From the Polish point of view, these fragments of the book are very interesting, which mention to the place Dugin admits Poland and wider Central and east Europe. The views of the Russian thinker on this issue evolved. In 1998, first, Dugin gave 2 interviews to Polish authors. Grzegorz Górny from Frondy then and 21 years later to the author himself. From the beginning, adequate brutal constatation of the inability of the independent existence of Poland and this part of Europe as an area tormented by an irrefutable contradiction between Slavicism and Western Catholicism, to call on Poland over 2 decades later to be Polish. The Russian praises of doctrine Józef Hoene-WrońskiUnfortunately, 1 of the co-creators of the terrible messianism for Poland has not been developed. However, the thought of Central Europe itself as a separate region of civilization is surely worthy of attention, and reading these considerations we feel regret that the Russian philosopher pays more attention to it than the contemporary Polish thought dominated by the openly false dogma that Poland belongs to the West in all respect and that there is no better alternate for Poland from the West.

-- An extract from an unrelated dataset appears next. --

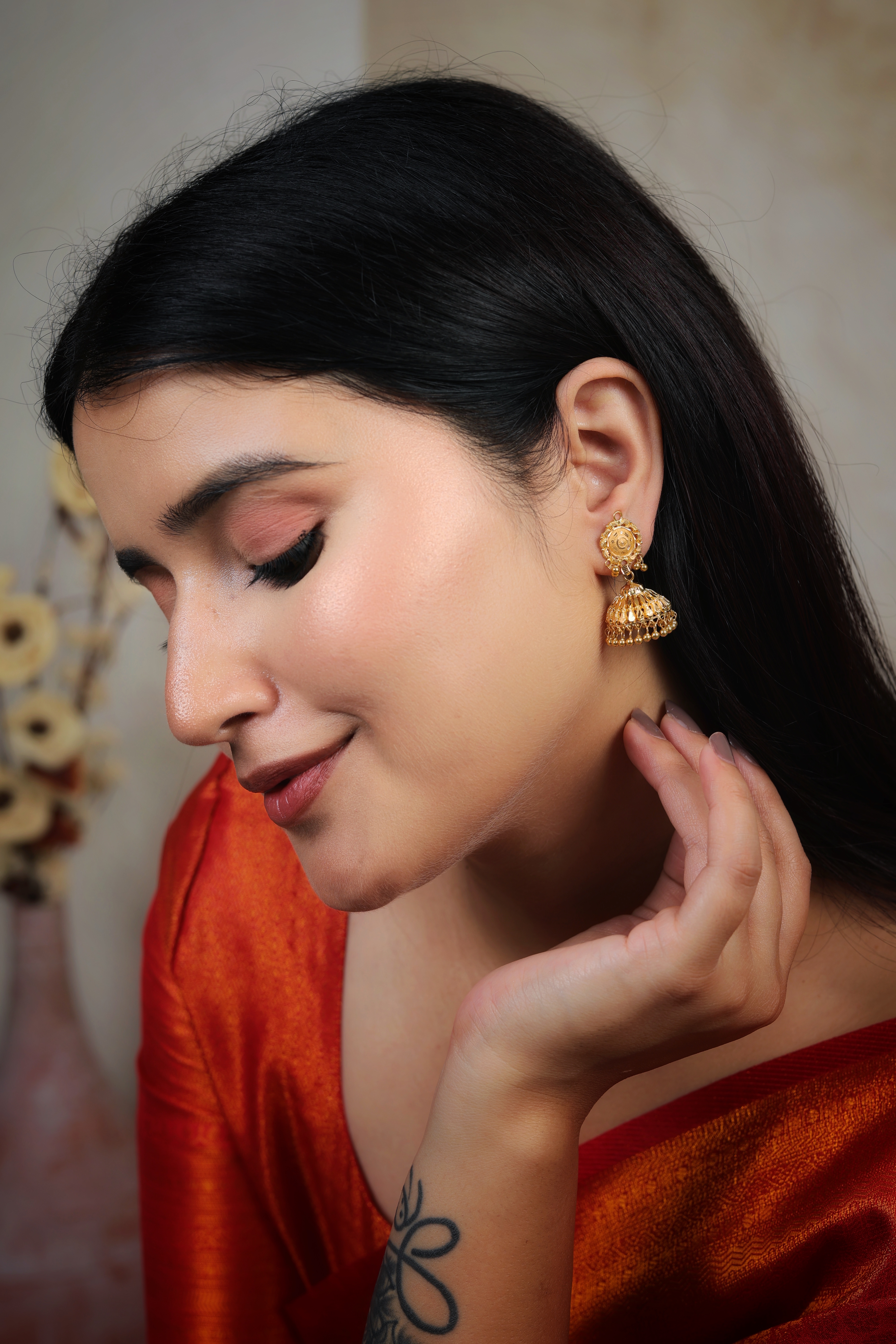 The Bell (Jhumka): The drop is a single, large inverted bell. The surface is exceptionally detailed, featuring a combination of vertical ribbing on the upper half and an intricate open-frame filigree pattern on the lower half. This openwork allows light to pass through, highlighting the delicate lace-like gold structures.

Meanwhile, Dugin's proposal to replace the flank or cordon sanitary with a belt of states and nations that are neither east nor west seems to fit much better with the concept of inter-mortar than its caricature versions proposed by the Compradorian elites ruling in Warsaw today, whose being Poland is invariably associated with following orders from 1 or another embassy. In this sense, even the instrumental function of the concept of Dugin in Russian politics suggested by Sikulski should not be taken with outrage, but as a sensible rooted in past and geography a political proposition modus vivendi. It would besides be interesting to accept the function of Russia as a watchman of the conventional order of the gendarme and to resign by Poland from playing a figure prone to martyrdom of the eternal militant for “our freedom and yours”, although Dugin does not mention the latter, alternatively falling into rather emotional praise of romanticist Polishness.

Whether the Dutch attempts to make theoretical bases of opposition against Anglo-Saxon globalism will win is, of course, a separate issue. In the War of Minds (this is simply a translation of the title created by Dugin of the multivolume cycle Noomachia) The Russian has already lost a daughter murdered in a bandit assassination, which shows that on the another side of these struggles are those who take the anticipation seriously. He himself evidently besides treats his own creation, and even his own life as a service to a greater work or mission.

The book besides contains a list of websites and a comprehensive bibliography in 2 alphabets and is besides a very useful compendium of cognition about the work of a large intellectual. Alexander Dugin appears in it as an ambiguous figure, in his somewhat feverish talk very Russian, as if looking for a desperate intellectual way to save the planet in the face of the impending catastrophe. Leszek Sikulski managed to keep a balance and cleric distance towards the hero, and specified a sober look with a hint of skepticism is very essential in our warm and full of intellectual traps of times.

Olaf Swolkień

Leszek Sykulski, “Political thought of Alexander Dugin”, Polish Geostrategic Society 2024, p. 236.